1 Clone this repository

First, make sure the main repository is cloned to your system, as it contains code and data which will be used in the upcoming analysis.

git clone git@github.com:LieberInstitute/SPEAQeasy-example.git

This repository contains genotype and phenotype data for the example set of 42 human samples, as well as the associated main outputs from the SPEAQeasy pipeline. For the purposes of this example, the main outputs include a single VCF file of genotype calls for all samples, and RangedSummarizedExperiment objects containing gene, exon, and exon-exon junction counts.

1.1 Download static files

Alternatively, you can download the contents of this repository using usethis 1 It will download the latest version, which you will need to re-run in case we make any changes.

library("usethis")
use_course(
    "https://github.com/LieberInstitute/SPEAQeasy-example/archive/master.zip"
)

2 Pull example FASTQ data for use in SPEAQeasy

You are encouraged to optionally reproduce our SPEAQeasy results before moving on to the identity resolution and differential expression steps. Those interested in running SPEAQeasy on the raw FASTQ files must download these files. Note that this is an optional step, as we provide the relevant SPEAQeasy outputs for those interested simply in how to use these outputs in subsequent analyses.

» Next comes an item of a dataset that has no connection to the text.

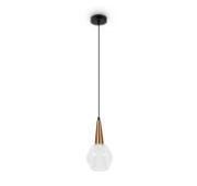 Арматура - металл, цвет — чёрный. Декоративные крепления и вставки цвета латуни. Тканевые абажуры в форме конуса из микса теплых цветов: бежевый и коричневый. Открытые верхние основания абажуров пропускают дополнительный свет. Динамичный дизайн в стиле Casual. Источник света — лампа с цоколем Е14.
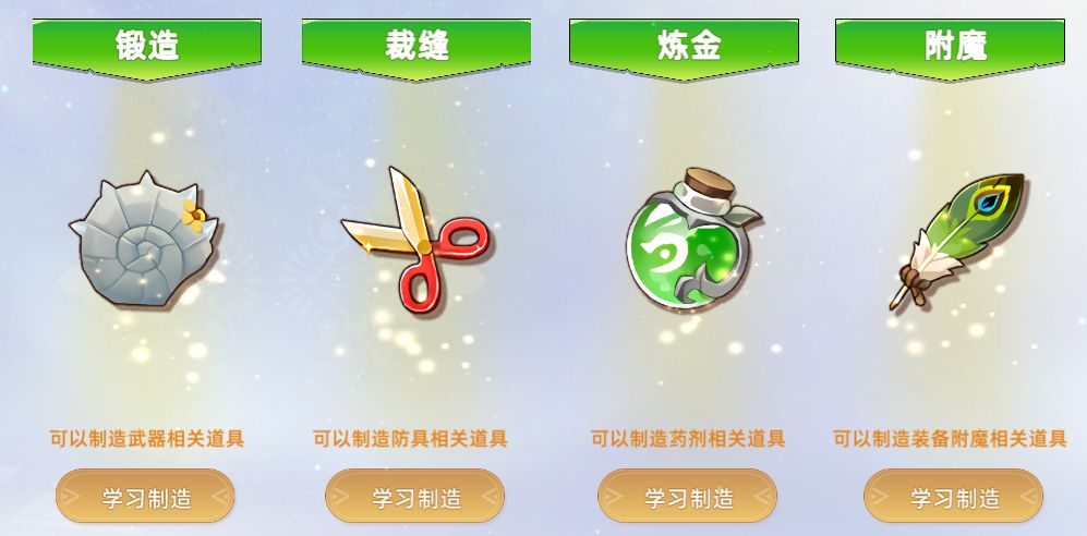 锻造、裁缝、炼金、附魔本篇中主要介绍副职中的炼金

We provide a bash script, which utilizes synapse to download the publicly available FASTQ files. Run this script and specify a directory where you wish to place the FASTQ files:

bash pull_data/pull_fastq_data.sh [/destination_dir]

This script also writes a samples.manifest file to the same directory. This text file is used by SPEAQeasy to find the input FASTQ files and associate them with a unique ID.